La loi KHOMRI vient achever cette œuvre de destruction des Conventions collectives, conquises par les travailleurs depuis 1936.

Aujourd’hui, les Conventions collectives permettent, à partir d’un Code du travail national, de définir au sein de chaque secteur un socle de garanties collectives interdisant le dumping social d’une entreprise à l’autre. Demain, le dumping social serait la règle, en fonction de rapports de forces inégaux face à des employeurs rompus à la répression et/ ou pressions de toutes natures pour imposer leurs diktats financiers.

Si le gouvernement agit ainsi, c’est pour aller vite, empêcher le débat démocratique face à une opinion publique qui, après des semaines de mobilisations, reste à plus de 70 % opposée à cette loi.

Si le gouvernement agit ainsi, c’est dans l’espoir d’étouffer les mobilisations en comptant sur l’esprit de fatalité né de politiques d’austérité permanentes, imposées par de multiples gouvernements, toujours au service des multinationales.

Si ce gouvernement agit ainsi, c’est parce qu’il est battu sur la bataille idéologique. Question : les députés à l’écoute du peuple oseront-ils faire tomber ce gouvernement indigne ?

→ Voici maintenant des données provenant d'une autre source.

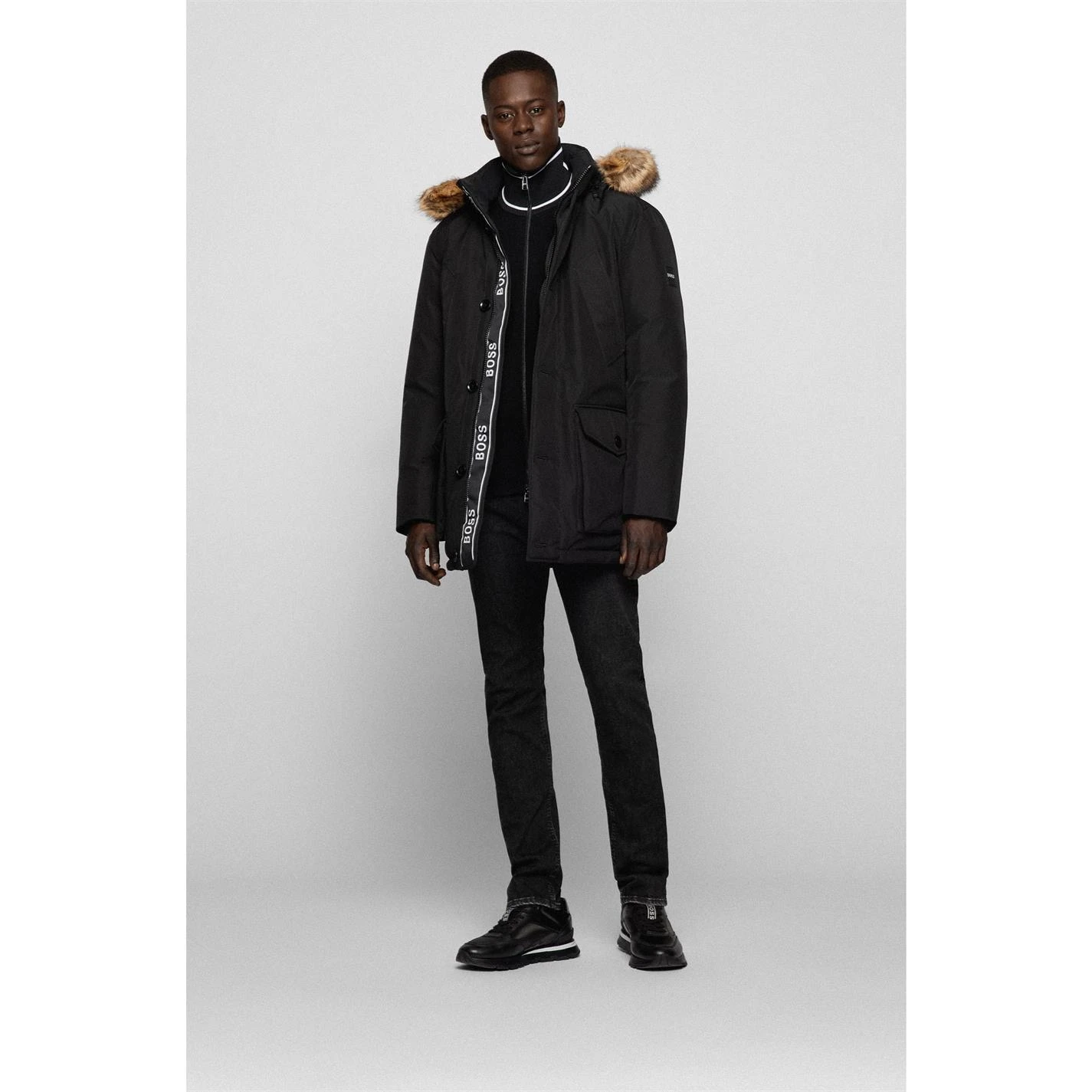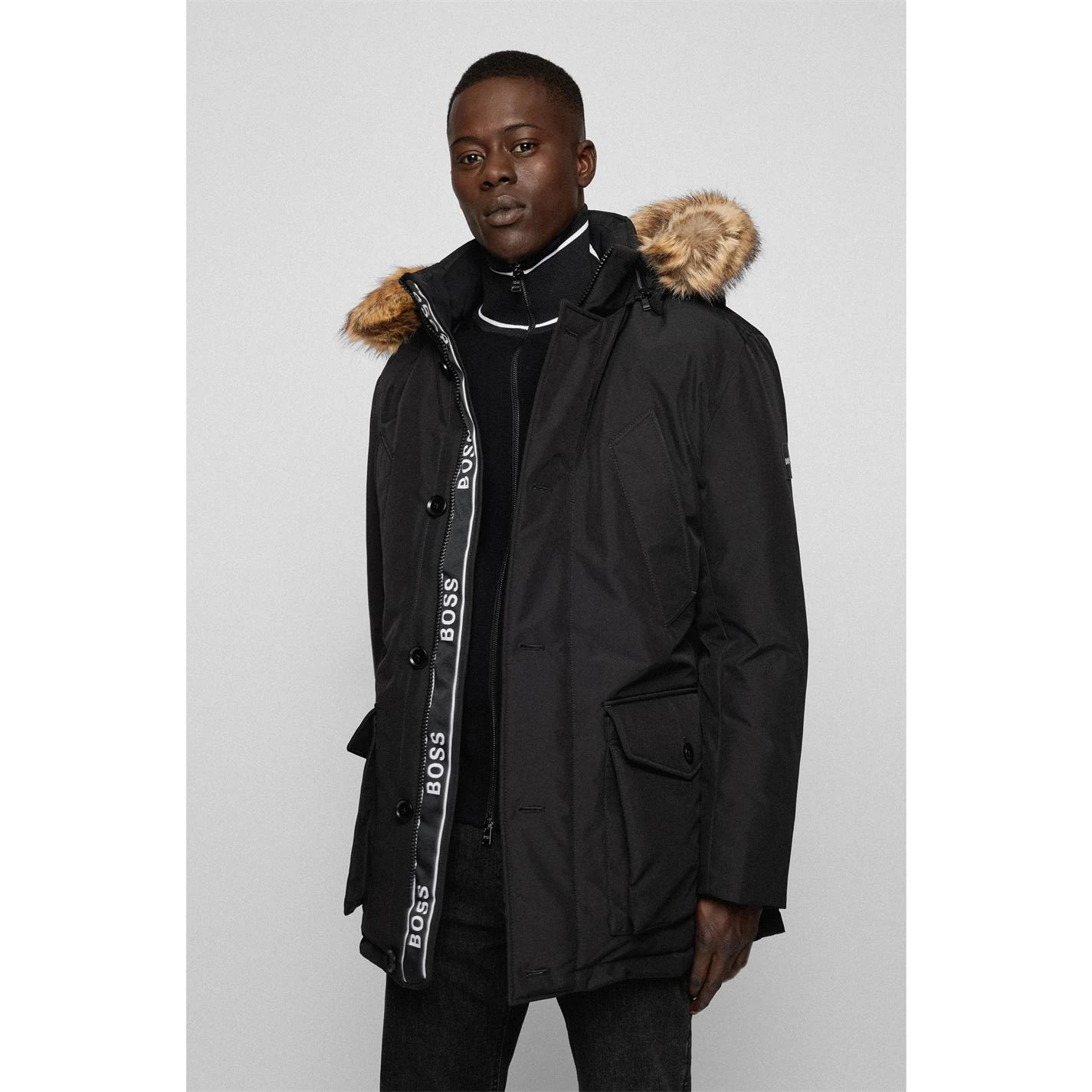 The Boss Osias Parka Jacket is a great addition to your autumn and winter coat collection, crafted with a central zip fastening with a button closure storm flap. Four large pockets to the chest provides ample space for all your essentials and a faux fur trim to the hood gives a stylish touch, finished off with the classic Boss branding.

Nous ne laisserons pas faire : comme hier avec le CPE, ce n’est ni un vote, ni un 49-3 qui fera taire la voix de la démocratie, des salariés, de leurs fa- milles, des futures générations à l’avenir sacrifié.
Les mobilisations doivent s’élargir dans l’entreprise avec grèves massives et manifestations.
Si cette loi sert le patronat, il faut taper le patronat dans ses tiroirs-caisses, dans ses profits réalisés par le seul travail des salariés.
Avec le passage en force du 49-3, la question de durcir le rapport de forces est posée.

BLOQUONS la production des richesses de notre travail : ARRÊT de toute fabrication et BLOCAGE des livraisons de marchandises dans toutes nos usines, c’est le mot d’ordre à porter partout : RETRAIT de la loi et NÉGOCIATIONS pour des droits de progrès social générateur de développement économique, exigence préalable pour la reprise du travail.

DANS CHAQUE ENTREPRISE, ORGANISONS LA GRÈVE SUR CES ENJEUX ; DÉCIDONS DES REVENDICATIONS POUR AMÉLIORER NOS DROITS ET LIBERTÉS, POUR LES SALAIRES, LA RÉDUCTION DU TEMPS DE TRAVAIL À 32 HEURES/ SEMAINE, ETC…

VENDREDI 13 MAI, LES SYNDICATS CGT DU PETROLE METTRONT A L’ORDRE DU JOUR LA GREVE RECONDUCTIBLE DANS LE RAFFINAGE A COMPTER DU 17 MAI.
DEMAIN 12 MAI, L’ACTION DOIT ÊTRE MASSIVE : ORGANISONS-LA RAPIDEMENT.